Андерс Дальстрём только что пообедал и теперь бродит по отделу строительных товаров универмага «Экхольм».
Веревка.
Клейкая лента.
Почему все так на меня смотрят? Ружье осталось в машине. Я должен положить этому конец, все снова будет замечательно. А потом полиция найдет его, удивится и окончательно запутается.
Я убью его. Ведь все началось с него, не так ли? И папе это понравится.
Андерс Дальстрём чувствует, как беснуются у него в крови последние змееныши. Все пройдет хорошо, как всегда. Ты видишь меня, Андреас?
Я должен уничтожить Фогельшё.
Андерс платит. Потом садится в машину и направляется в сторону Дроттнинггатан.
— Йохен Гольдман, — еще раз слышится в мобильнике.
«Есть голоса, похожие на удар плеткой по самому больному месту, — думает Малин. — Свинья».
Она стоит под дождем на улице Юргордсгатан возле дома престарелых «Серафен», прижав телефон к уху. Раздражена и в то же время чувствует, как внутри растекается странное тепло, начинающееся где-то в самых неподконтрольных сознанию участках тела.
Малин вспоминает загорелое лицо Гольдмана на фоне сверкающей глади бассейна. Жесткость и уязвимость, придающую ему сходство с Йерри Петерссоном.
— Вы что-то хотели?
Малин открывает дверцу автомобиля свободной рукой и опускается на сиденье. Йохен дышит в трубку.
— Фотографии, — говорит она. — Ведь это вы прислали мне снимки моих родителей?
— Какие еще снимки?
Малин видит улыбающееся лицо Йохена Гольдмана. «Разве нам больше не о чем поговорить, а?»
— Вы знаете какие.
— Я ничего не знаю ни про какие снимки. Ваших родителей? Где же я мог снять их? Даже не представляю.
— Вы в Швеции?
— Да.
— Вы заезжали в Линчёпинг?
— Что мне там делать?
— Это вы шантажировали Йерри Петерссона? Вы посылали ему письма с угрозами, вымогали деньги?
— Денег у меня более чем достаточно, если так вообще бывает.
Разверзлись хляби небесные.
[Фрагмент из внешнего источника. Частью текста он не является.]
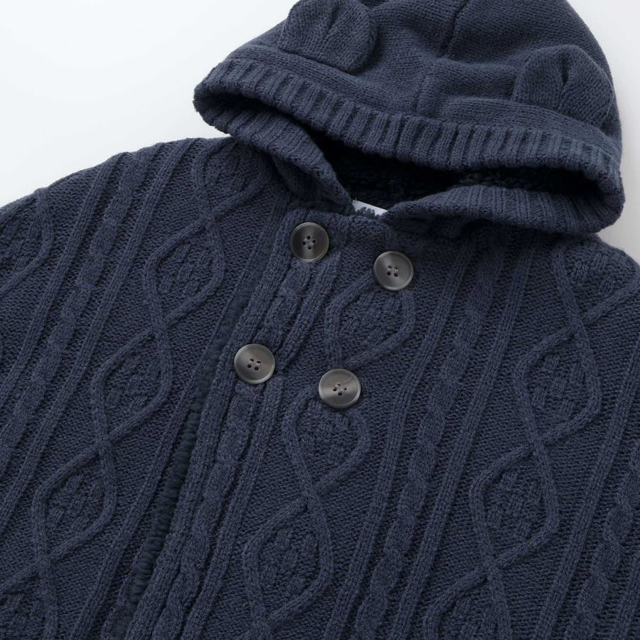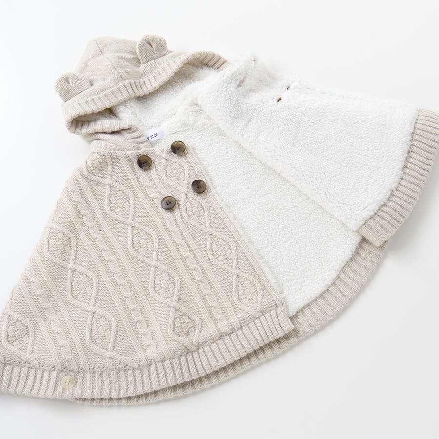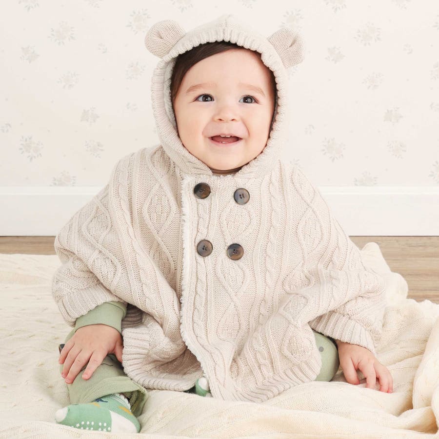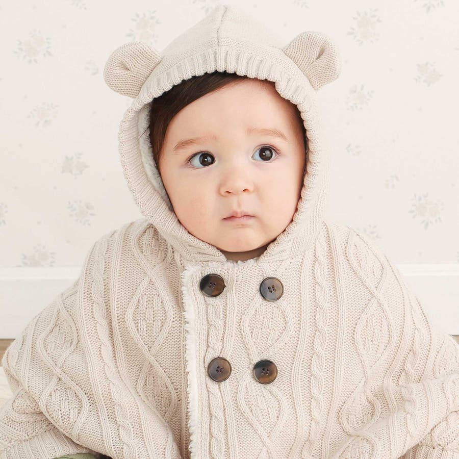 【お揃い】クマ耳フード付き裏ボアケーブルマントベビー(50~90cm)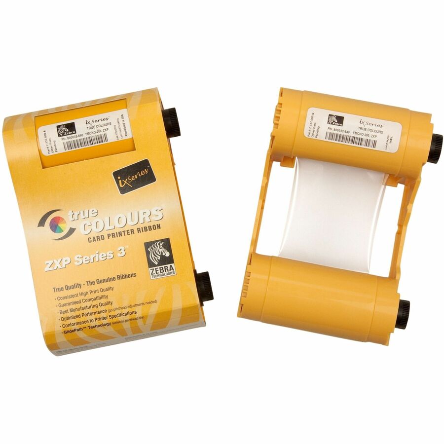 Color ribbon is especially designed for printing a combination of full-color images and one-color text or bar codes in the Zebra ZXP Series 3 ID Card Printer. The YMCKO ribbon yields 200 images.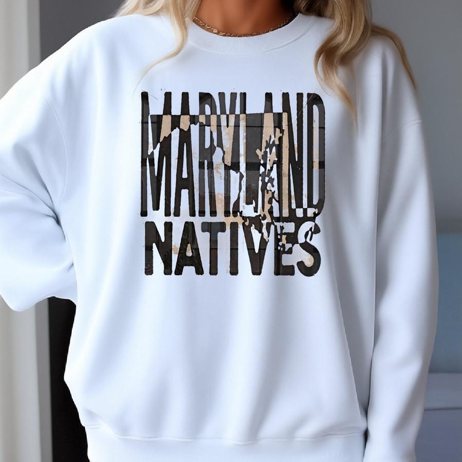 Maryland Natives Vintage Ink Press Style Wall Art Print, Maryland State Decor, Chesapeake Bay Maryland Gic Home Art, Rustic Al Art Sweatshirt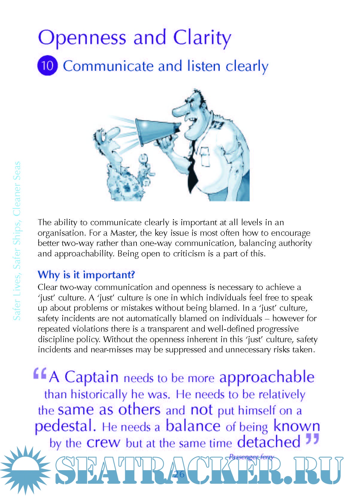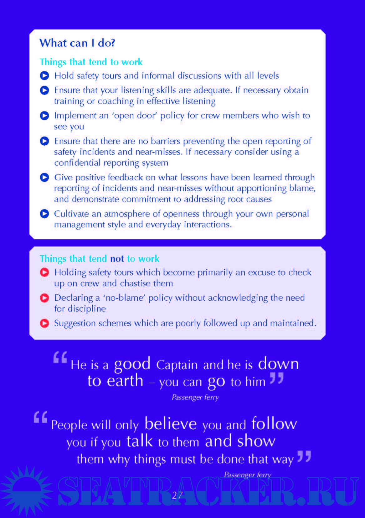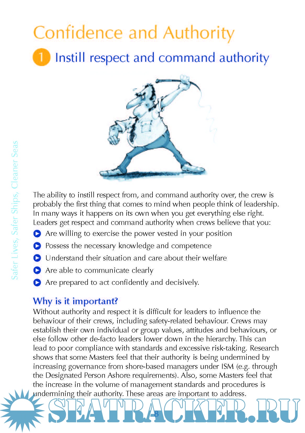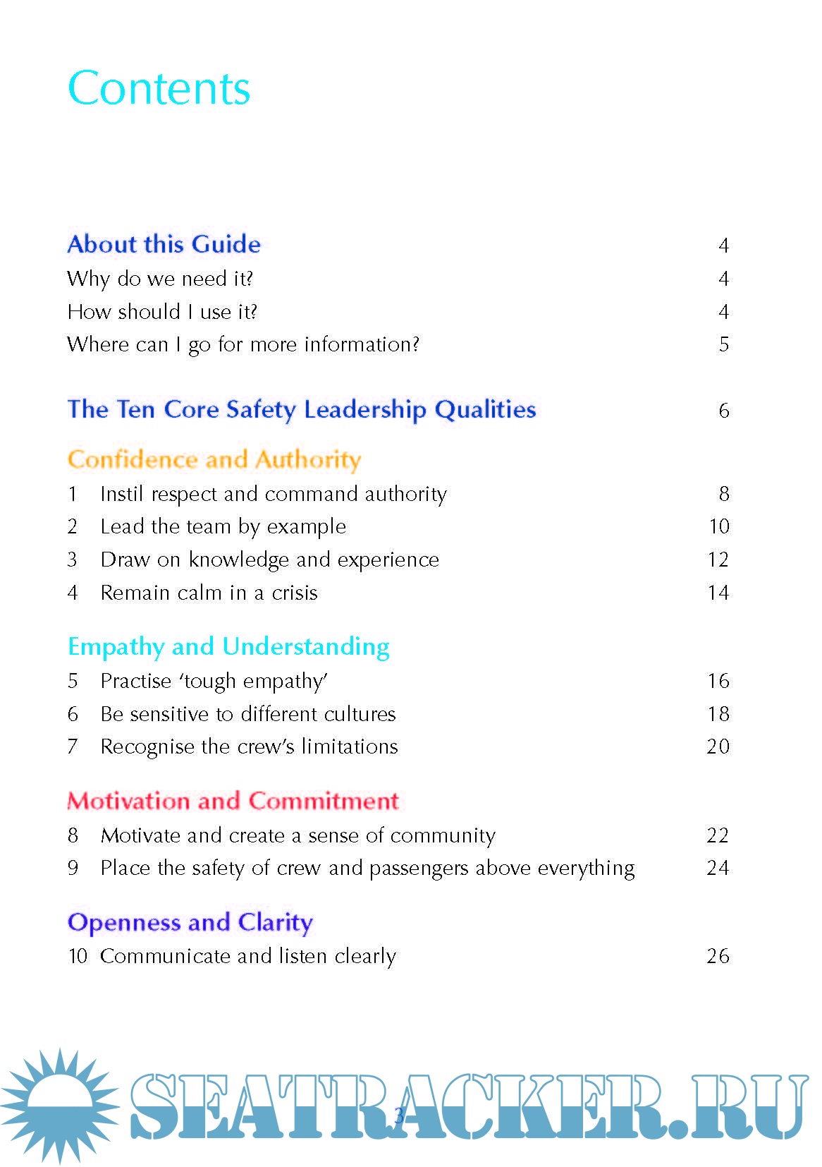 Year: 201x Language: english Author: Maritime and Coastguard Agency (MCA) Genre: Guide Format: PDF Quality: OCR without errors Pages count: 28 Description: This guide from the Maritime and Coastguard Agency (MCA) aims to help leaders and senior officers in the maritime industry improve their leadership and people management skills in order to ensure safe operations. It contains tips and best practices for 10 core leadership qualities for effective safety leadership, split into 4 categories. This guide is based not just on theory but also on real life, including consultation with over 65 seafarers and shore managers about everyday safety leadership challenges. You will see that some of it is common sense, but nearly everyone can benefit from a reminder. What matters, however, is how leaders behave in everyday situations. Your crews will draw inferences about your safety leadership based on what they see you do and what they hear you say, far more than what you might declare in a speech or a written communication. Additional info: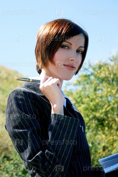 Молодая бизнес-леди на природе с ручкой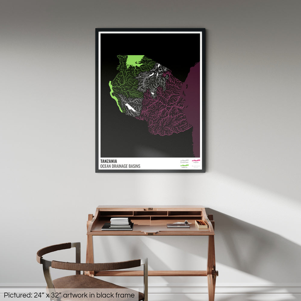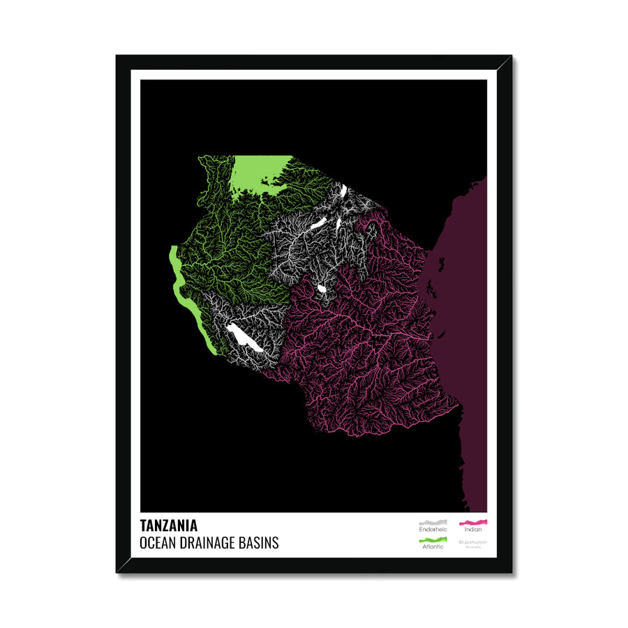 Танзания - Карта океанического водосборного бассейна, черная с легендой v2 - Рамочная печать. Первая в мире научно точная карта высокого разрешения, которая показывает все постоянные и временные ручьи и реки, окрашенные в соответствии с океаном, в который они впадают. С помощью этих карт мы получаем более глубокое понимание сложных гидрологических систем, которые поддерживают жизнь на нашей планете. Демонстрируя эту печать у себя дома или в офисе, вы привносите частичку природы в свое пространство. Но эта карта - больше, чем просто данные, преобразованные в искусство: она также пробуждает любопытство и служит отличным началом разговора, приглашая зрителей поднять вопросы о нашей природной среде через увлекательный мир рек.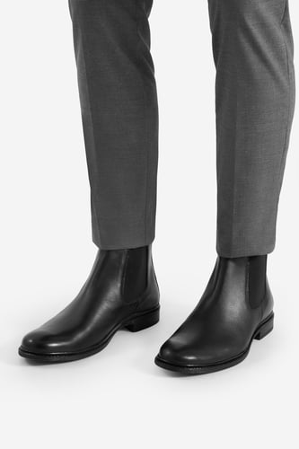 - La birou: ghete elegante din piele neagră cu costum slim-fit.

Град, похожий на маленькие белые зерна, ритмично барабанит по крыше машины.
— Слушаете африканскую музыку?
— Град, — отвечает Малин.
— Если у меня и были дела в Линчёпинге, вряд ли я поехал бы туда сам.
Намеки, колкости.
— Чего вы хотите?
— Я снял номер в «Гранд-отеле» в Стокгольме. Не хотите взглянуть? Мы могли бы весело привести время: выпить шампанского, пофотографировать… Что скажете?
Малин обрывает разговор. Закрывает глаза.
Ей кажется странным, что Гольдман до сих пор существует, что до сих пор где-то живут ее родители и что любому человеческому поступку можно найти сколько угодно объяснений.
Автомобиль проезжает мимо дома Акселя Фогельшё по Дроттнинггатан.
Ни Малин, ни Харри не заметили человека с длинными черными волосами, тенью прошмыгнувшего в подъезд.
Все играешь, Йохен? Все равно ты когда-нибудь отомстил бы мне, ведь ты не прощаешь измены, хотя сам предавал не раз.
Сейчас я парю над равниной и лесом, над замком и полем, где когда-то случилось несчастье. Я пролетаю над домом арендатора Линдмана, вижу, как его русская жена собирает вещи. Она торопится, в другом месте ее ждет новый мужчина. Он богаче Линдмана, так она планировала с самого начала.
Линдман.
Ведь это я увел у него первую жену, когда она приезжала на конференцию в Стокгольм. Мы встретились в баре, а потом она кричала в офисе на Кюнгсгатан. Каково ей было после этого возвращаться в деревню?
Он нашел меня, как и обещал в письме. Я помню тот звонок из автомата возле «Икеа». Его голос был похож на крик и разрывал мне барабанные перепонки.
65
Линчёпинг, сентябрь
Йерри стоит возле своего «Рендж Ровера» на парковке у торгового центра «Икеа» в Торнбю. Монотонный стук дождевых капель по крыше автомобиля напоминает ему зуммер. Стоянка рассчитана на тысячу машин, но сейчас, поздним дождливым вечером, она почти пуста. Вокруг переливаются огнями вывески магазинов: «Иса макси», «Сиба», «Куп Форум». Вдали виднеется башня собора. Медная крыша ее позеленела, а цифры на часах горят так, что, несмотря на туман и дождь, их видно с парковки.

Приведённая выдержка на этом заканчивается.